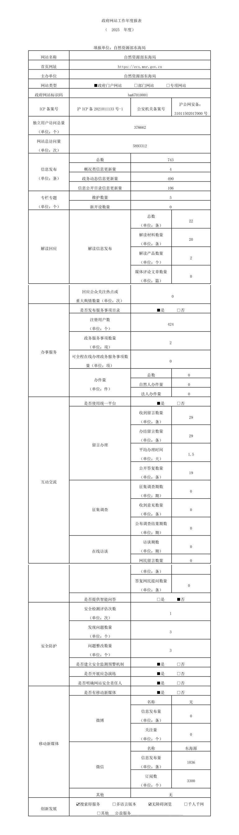 东海局2025年度政府网站工作年度报表
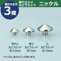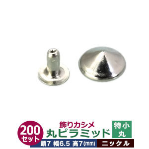 | 頭の形:円錐形状 品 名:飾りカシメ 特小丸ピラミッド サイズ:頭7mm 幅6.5mm 高7mm 材 質:真鍮 メッキ:ニッケル 詳 細:200セット入り1袋 ●カシメの大きさは下記です。 ・ミニカシメはコチラ ・特小カシメはコチラ ・小カシメはコチラ ・中カシメはコチラ ・大カシメはコチラ ・特大カシメはコチラ ●カシメお得セットは下記です。 ・小袋セット ・リーズナブルなお得セット ●その他カシメは下記です。 ・飾りカシメはコチラ ・ライトストーンはコチラ ・ターコイズはコチラ ・底鋲半丸カシメはコチラ ■クラフト金具卸のカシメ金具 カシメは頭(メス)と足(オス)で一対、布や革を止める金具です。 一般的に「飾りカシメ」と呼ばれるものはカシメの頭が変わった形になっており、革や布などに取り付けた時そのユニークな形状が全体の中のアクセントになるようなカシメです。カシメの足の部分は普通カシメでも代用が効きます。取り付ける布や革の厚さに対して飾りカシメの付属の足では足りない場合は別途ご購入ください。取り付ける革の合計の厚みより最低2mmは長い足を目安にお選びください。飾りカシメは玉カシメ、丸ピラミッド、プリン、角ピラミッドのほかに鞄などの底に使う底鋲カシメを取り扱っております 専用の工具(手打ち棒かハンドプレス)で上からしっかりと叩いてください。 |
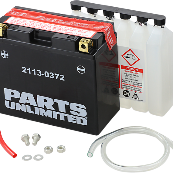 Caracteristicas: Parts Unlimited is proud to offer a premium-quality, maintenance-free battery at a great low price Special absorbed-glass mat battery eliminates water loss, permitting the battery to be permanently sealed once it is filled with acid Holds charge three times longer than conventional batteries High performance active material with anti-sulfation additive High capacity and cranking performance Acid Pack included

* * * *

* _Instructions for the task_:
When you write out the data, keep every line exact and drop the pictures.

* _Written answer_:
 东海局2025年度政府网站工作年度报表
 | 頭の形:円錐形状 品 名:飾りカシメ 特小丸ピラミッド サイズ:頭7mm 幅6.5mm 高7mm 材 質:真鍮 メッキ:ニッケル 詳 細:200セット入り1袋 ●カシメの大きさは下記です。 ・ミニカシメはコチラ ・特小カシメはコチラ ・小カシメはコチラ ・中カシメはコチラ ・大カシメはコチラ ・特大カシメはコチラ ●カシメお得セットは下記です。 ・小袋セット ・リーズナブルなお得セット ●その他カシメは下記です。 ・飾りカシメはコチラ ・ライトストーンはコチラ ・ターコイズはコチラ ・底鋲半丸カシメはコチラ ■クラフト金具卸のカシメ金具 カシメは頭(メス)と足(オス)で一対、布や革を止める金具です。 一般的に「飾りカシメ」と呼ばれるものはカシメの頭が変わった形になっており、革や布などに取り付けた時そのユニークな形状が全体の中のアクセントになるようなカシメです。カシメの足の部分は普通カシメでも代用が効きます。取り付ける布や革の厚さに対して飾りカシメの付属の足では足りない場合は別途ご購入ください。取り付ける革の合計の厚みより最低2mmは長い足を目安にお選びください。飾りカシメは玉カシメ、丸ピラミッド、プリン、角ピラミッドのほかに鞄などの底に使う底鋲カシメを取り扱っております 専用の工具(手打ち棒かハンドプレス)で上からしっかりと叩いてください。 |
 Caracteristicas: Parts Unlimited is proud to offer a premium-quality, maintenance-free battery at a great low price Special absorbed-glass mat battery eliminates water loss, permitting the battery to be permanently sealed once it is filled with acid Holds charge three times longer than conventional batteries High performance active material with anti-sulfation additive High capacity and cranking performance Acid Pack included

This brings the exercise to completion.